> Given data:

------------

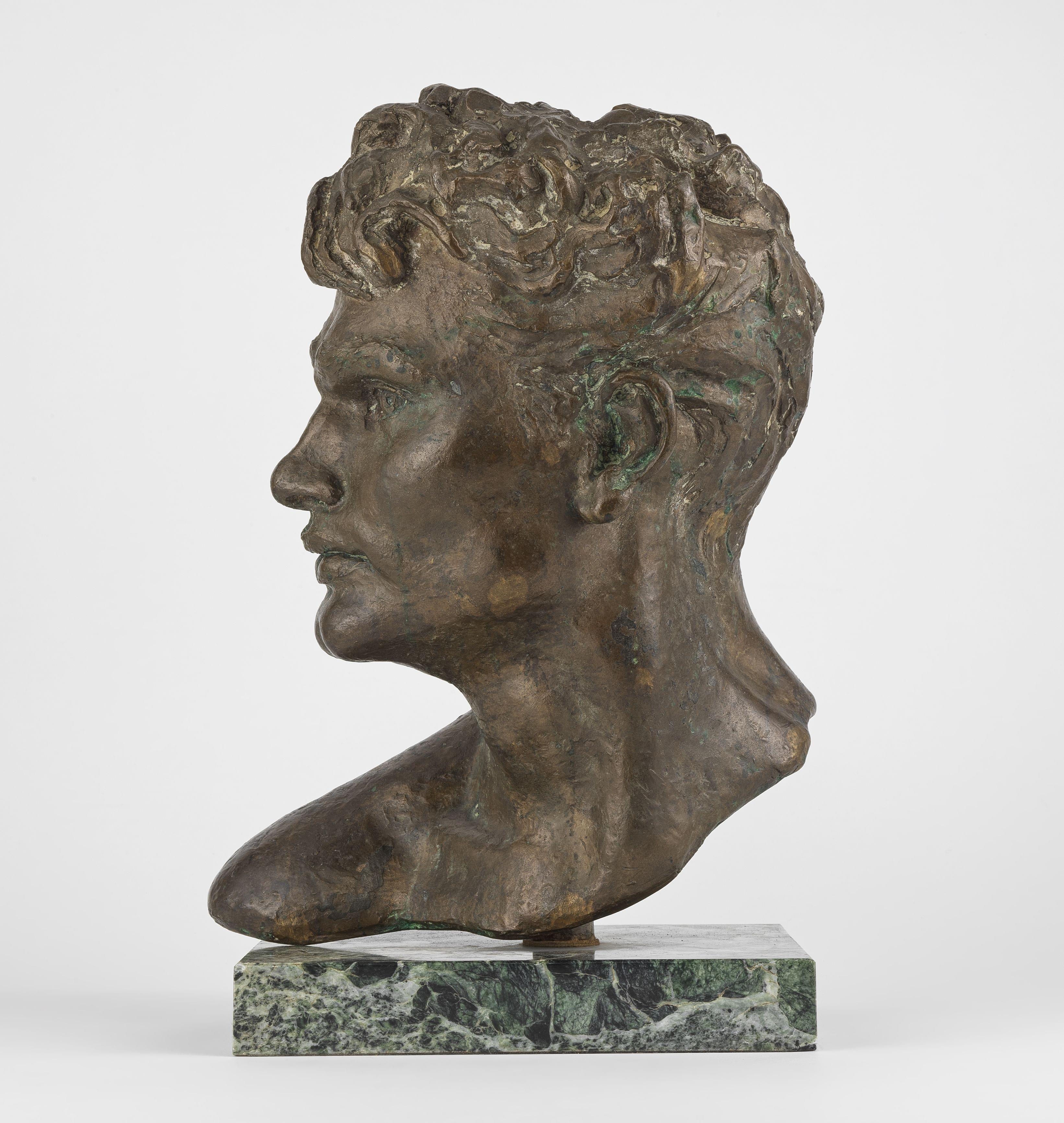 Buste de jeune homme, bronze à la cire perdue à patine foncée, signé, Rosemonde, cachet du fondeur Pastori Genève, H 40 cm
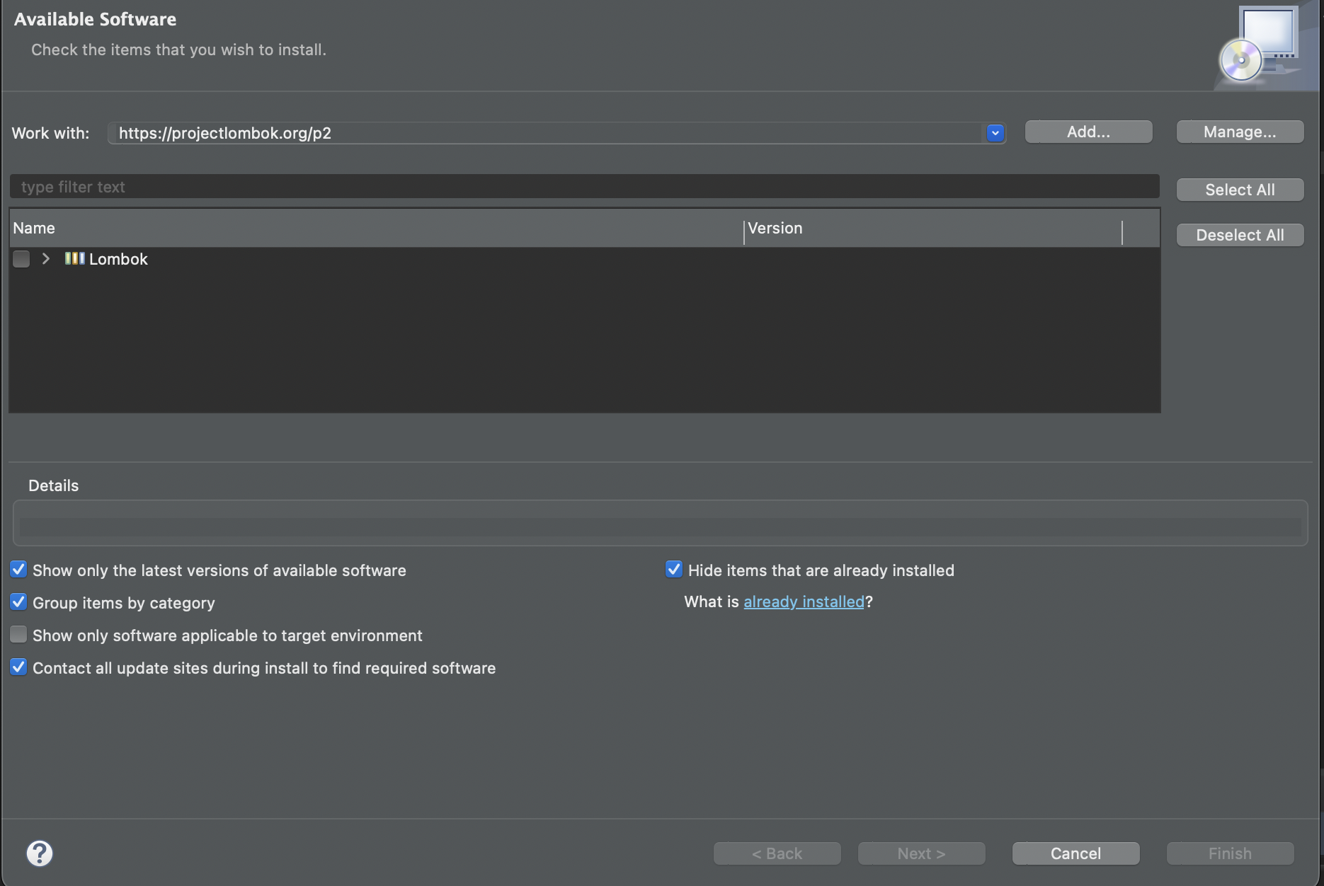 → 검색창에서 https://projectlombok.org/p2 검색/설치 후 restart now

------------

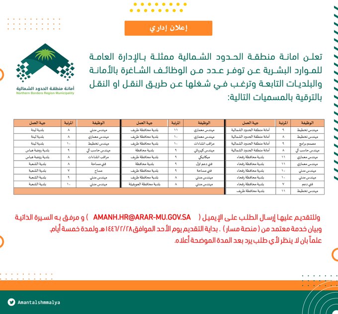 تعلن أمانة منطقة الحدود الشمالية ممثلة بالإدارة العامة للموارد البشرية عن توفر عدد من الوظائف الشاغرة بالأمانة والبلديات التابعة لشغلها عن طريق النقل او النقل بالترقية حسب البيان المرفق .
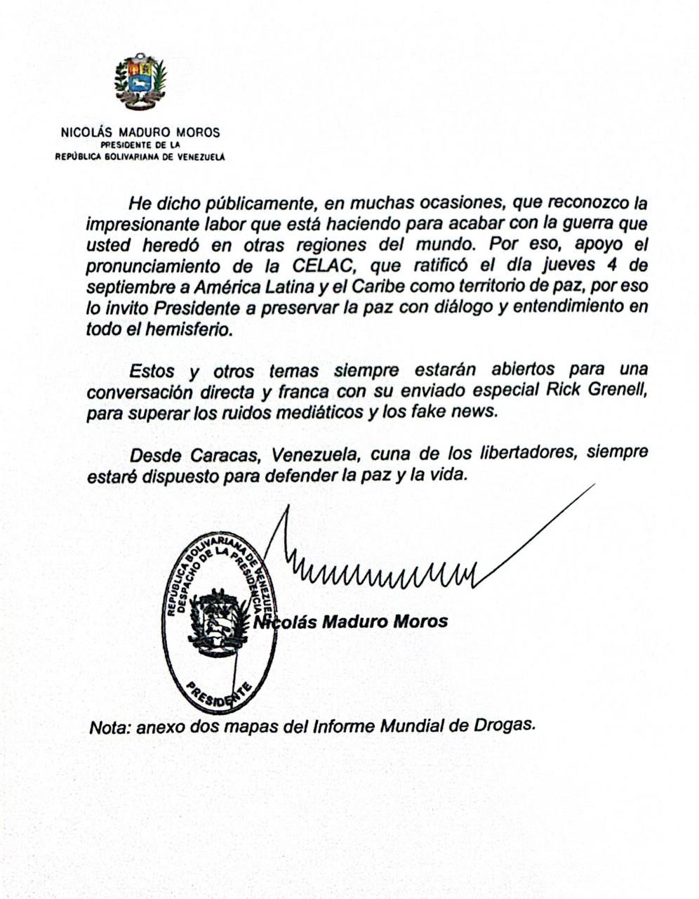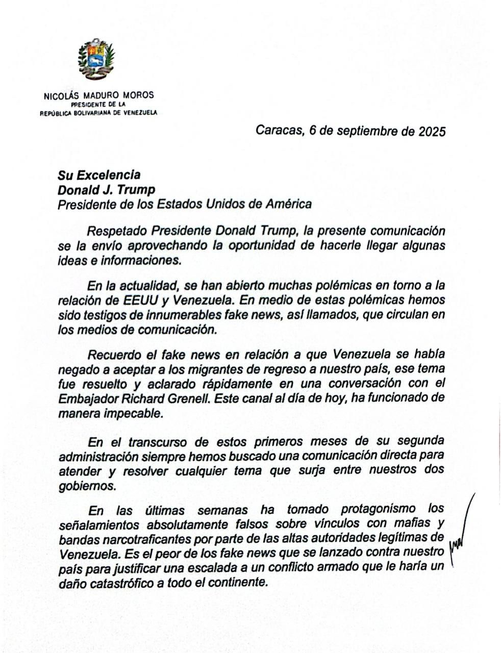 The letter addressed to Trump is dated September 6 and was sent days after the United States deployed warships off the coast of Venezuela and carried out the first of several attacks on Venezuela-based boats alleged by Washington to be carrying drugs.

------------

> Assignment: Reproduce the lines above beginning at the line that contains "Buste de jeune" and ending at the line that contains "후 restart now". No pictures.

> Your solution:
 Buste de jeune homme, bronze à la cire perdue à patine foncée, signé, Rosemonde, cachet du fondeur Pastori Genève, H 40 cm
 → 검색창에서 https://projectlombok.org/p2 검색/설치 후 restart now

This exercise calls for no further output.